Она натянула простыню на голову и лежала, сотрясаясь от безудержных рыданий. Эгнис, теперь уже тоже обливаясь горькими слезами, подошла и, сев на краешек постели, стала осторожно поглаживать руку Дженис — она делала это почти машинально, в равной мере боясь согласиться с Дженис, протестовать или хотя бы попытаться понять ее.
— Ну что тебе сказать! — прошептала она наконец. — Не знаю! Эта крошка никому зла не сделала. Безгрешное дитя она. Я просто не понимаю, как ты можешь к ней так относиться. Но тебя я не презираю. Не смей даже говорить мне такое. Что бы ты ни сделала, я никогда бы не стала презирать тебя.
— Прости меня! Прости меня, мама! — Голос Дженис, заглушенный простыней, выражал такое отчаяние, что старшая женщина прикусила кулак, чтобы заглушить рвущиеся наружу рыдания. — Лучше бы мне не родиться на свет! Зачем? Зачем только я родилась!

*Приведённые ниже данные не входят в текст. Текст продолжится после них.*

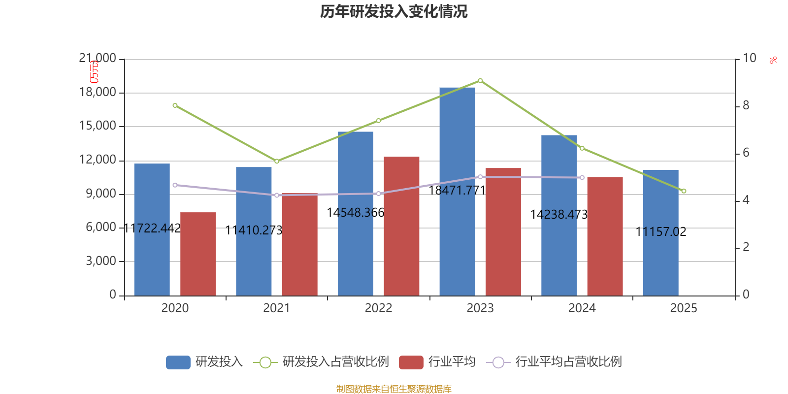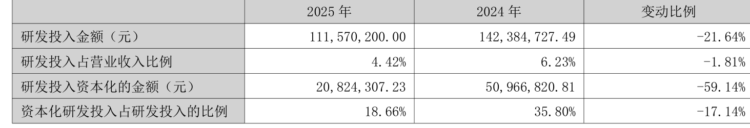 2025年全年,公司研发投入金额为1.12亿元,同比下降21.64%;研发投入占营业收入比例为4.42%,相比上年同期下降1.81个百分点。此外,公司全年研发投入资本化率为18.66%。
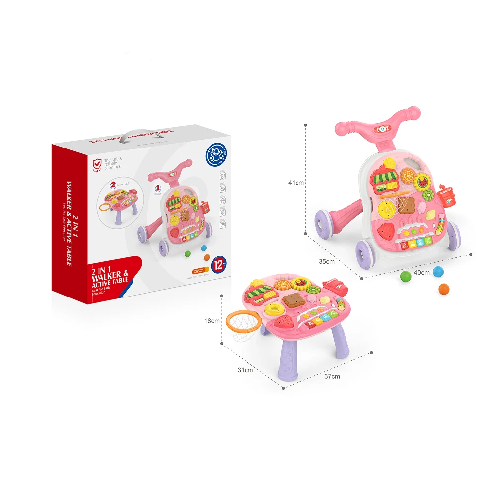 Premergător educativ 2 în 1 care se transformă ușor din masă de activități în premergător de împins, conceput pentru a susține primii pași ai copilului și dezvoltarea abilităților motorii și cognitive.
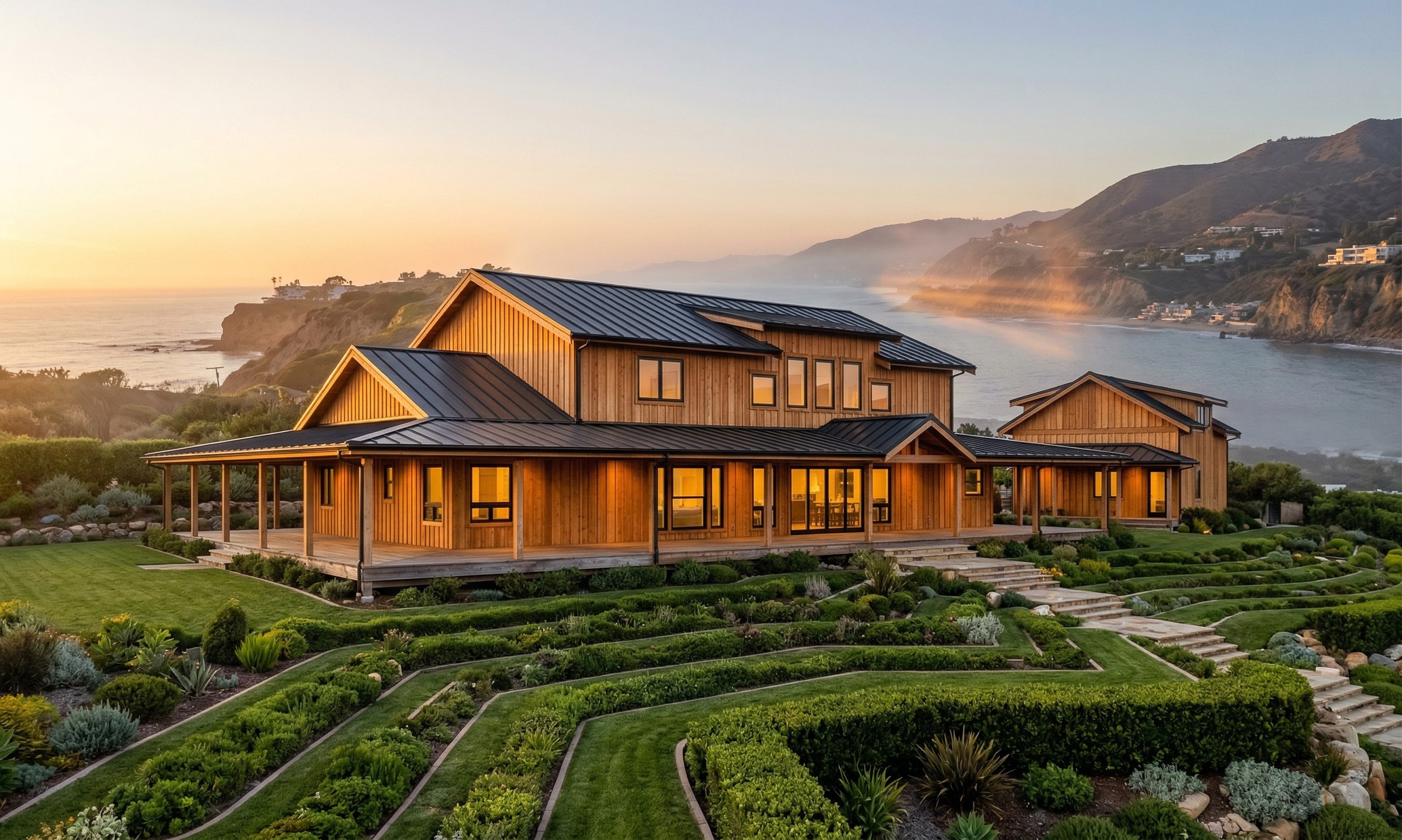 realistic look you want modern luxury interior with natural lighting photorealistic outdoor scene with soft shadows generate beautiful elevations renders with light inside with white stucco on front walls and black metal roof
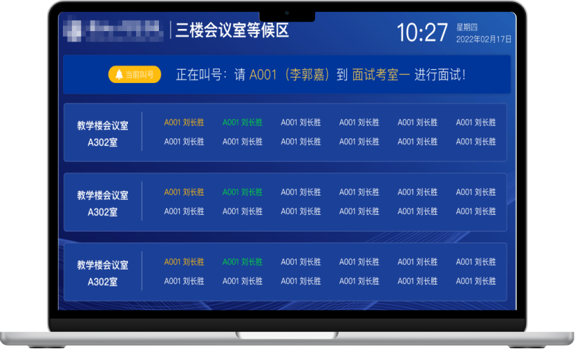 類似醫(yī)院的候診大屏幕設(shè)計,系統(tǒng)設(shè)計了專門的叫號大屏幕,實(shí)時展示并播報正在叫號的考生信息,同時顯示各面試教室中已排隊(duì)考生的序號,方便考生及時到達(dá)指定面試教室等候面試。

— Т-с-с, успокойся! Т-с-с!
Эгнис положила руку на плечо Дженис и стала укачивать ее так же нежно, как качала перед тем младенца.
Муж Эгнис, Уиф, сидел внизу, слышал все это и не знал, что и думать. Казалось, ему бы только радоваться, однако праздничное настроение его омрачалось страхом за будущее — будущее дочери и ее ребенка.
Он вышел во двор и, отойдя немного от крыльца, остановился на границе тени и падающего из окон света; вглядываясь в трепетную темноту летней ночи, он скрутил себе сигаретку. У Эдвина горел свет, и Уиф собрался было заглянуть к молодому человеку, но передумал — чувства Эдвина к Дженис не были секретом ни для кого. Ему сейчас с головой хватает и своих переживаний.
Вместо этого Уиф отправился в свой сарай. Там его дожидался зажатый в тисках кусок дерева, который он строгал, когда Эгнис окликнула его и послала к Эдвину, попросить съездить за доктором. Он потер большим пальцем гладкий край доски, затем подобрал рубанок и повел им вдоль светлого древесного волокна.
Эдвин дожидался, чтобы все успокоилось. Он не двинулся с места, когда уезжал доктор, не шелохнулся, когда последний раз простучала каблуками, возвращаясь к себе, миссис Джексон. Виски было выпито, и он перешел на пиво — несколько бутылок давным-давно хранилось у него дома. Алкоголь, по-видимому, почти не брал его, разве что лицо стало еще более натянутым, а движения — еще более скованными. И все.